» PROBLEM
After locating the line that contains "戴安娜在出席伦敦的活动中,穿", transcribe exactly that line and each one after it until the data ends, skipping pictures.

» DATA BLOCK
============

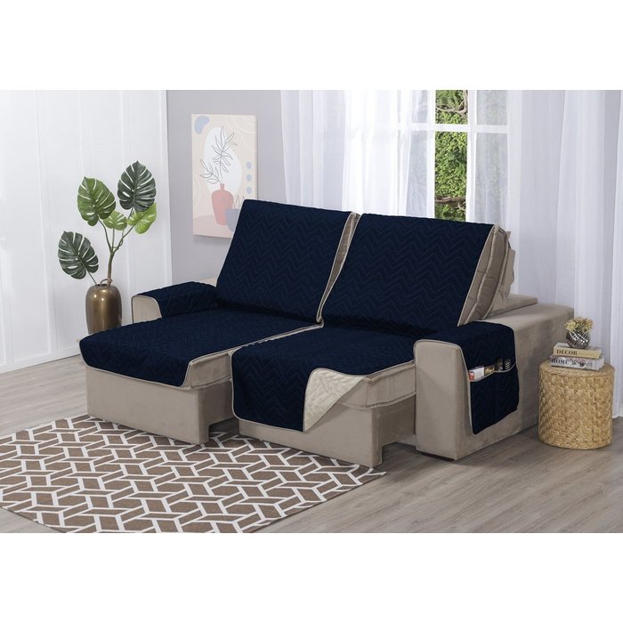 Capa de Sofá Retrátil Protetor 3 Lugares 1,80m de Assento Dupla Face Duas Cores:azul Marinho e Avelã Azul marinho e avelã bege
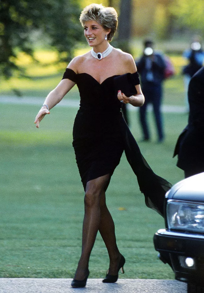 戴安娜在出席伦敦的活动中,穿上了这件的“复仇礼服”。开启了戴安娜的性感礼服时代。
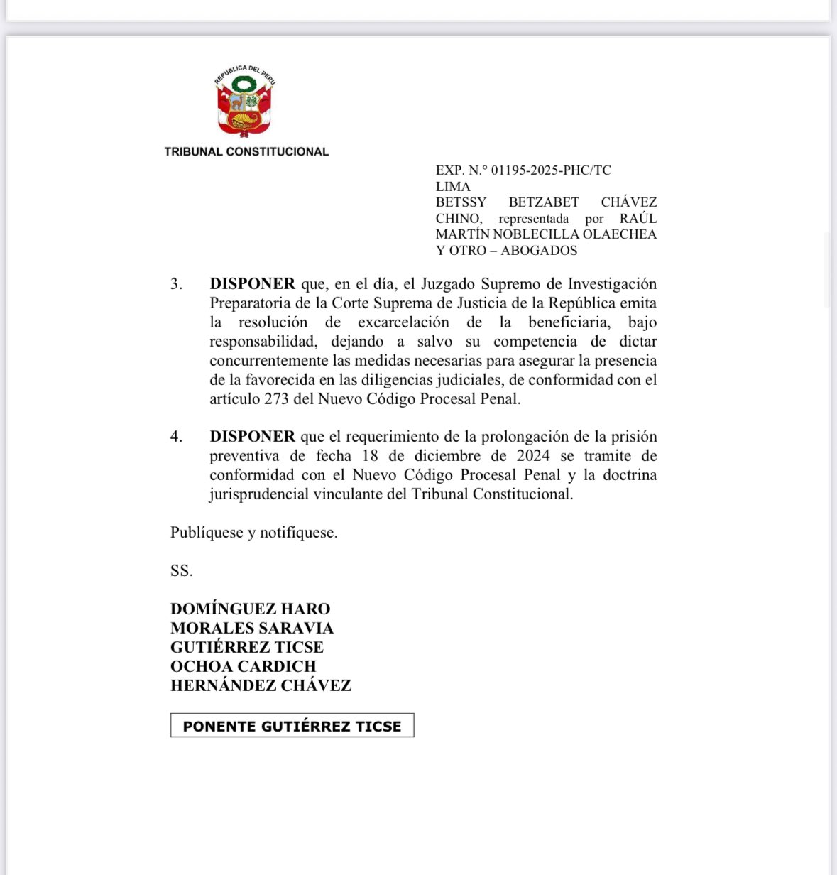 De esta forma, el Tribunal Constitucional, ordena la excarcelación de la extitular de la Presidencia del Consejo de Ministros, Betssy Chávez, al declarar fundado el recurso de agravio constitucional interpuesto por su defensa.
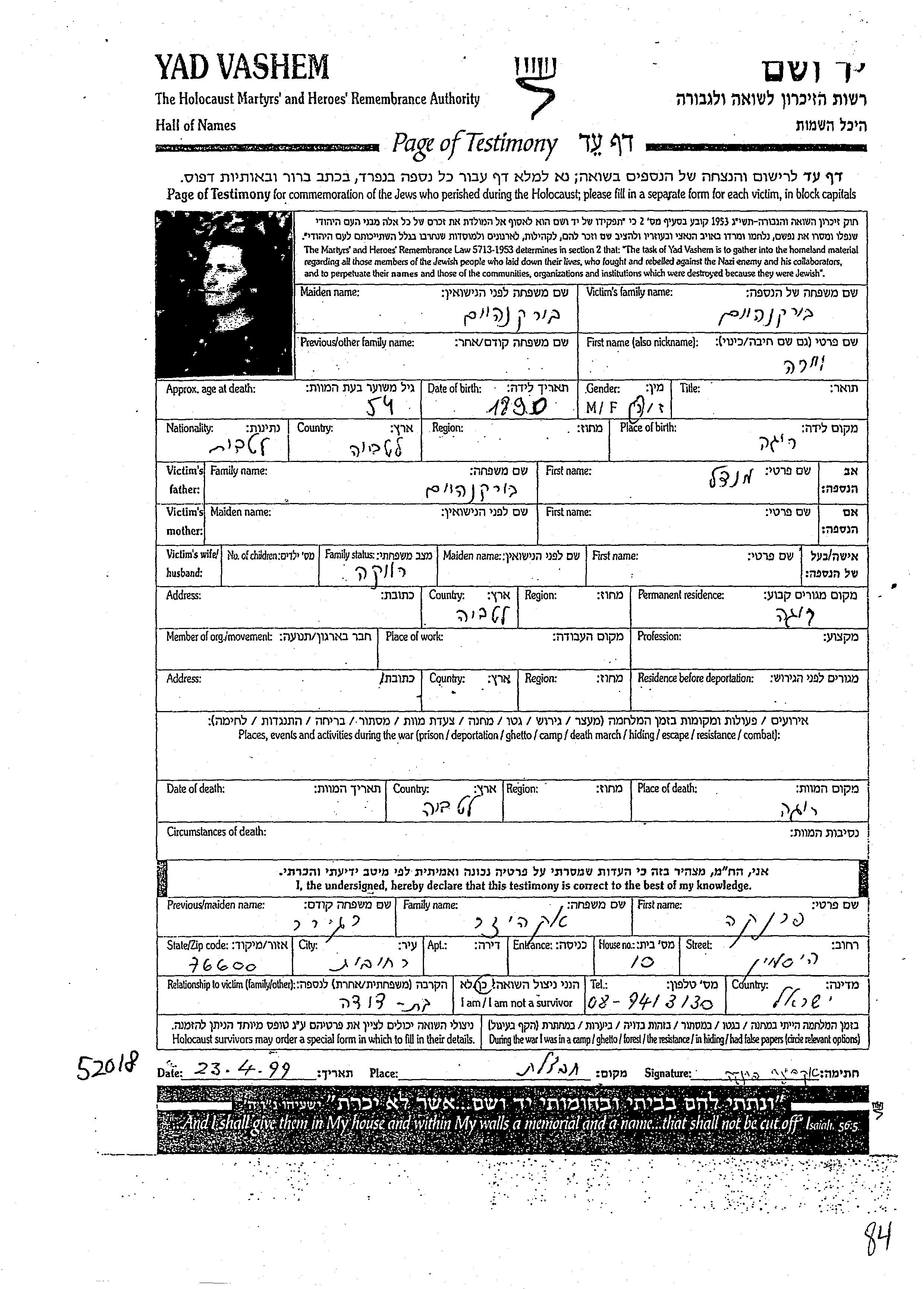 Yad Vashem - Pages of Testimony Names Memorial Collection

============

» OUTPUT FOR THIS EXERCISE
 戴安娜在出席伦敦的活动中,穿上了这件的“复仇礼服”。开启了戴安娜的性感礼服时代。
 De esta forma, el Tribunal Constitucional, ordena la excarcelación de la extitular de la Presidencia del Consejo de Ministros, Betssy Chávez, al declarar fundado el recurso de agravio constitucional interpuesto por su defensa.
 Yad Vashem - Pages of Testimony Names Memorial Collection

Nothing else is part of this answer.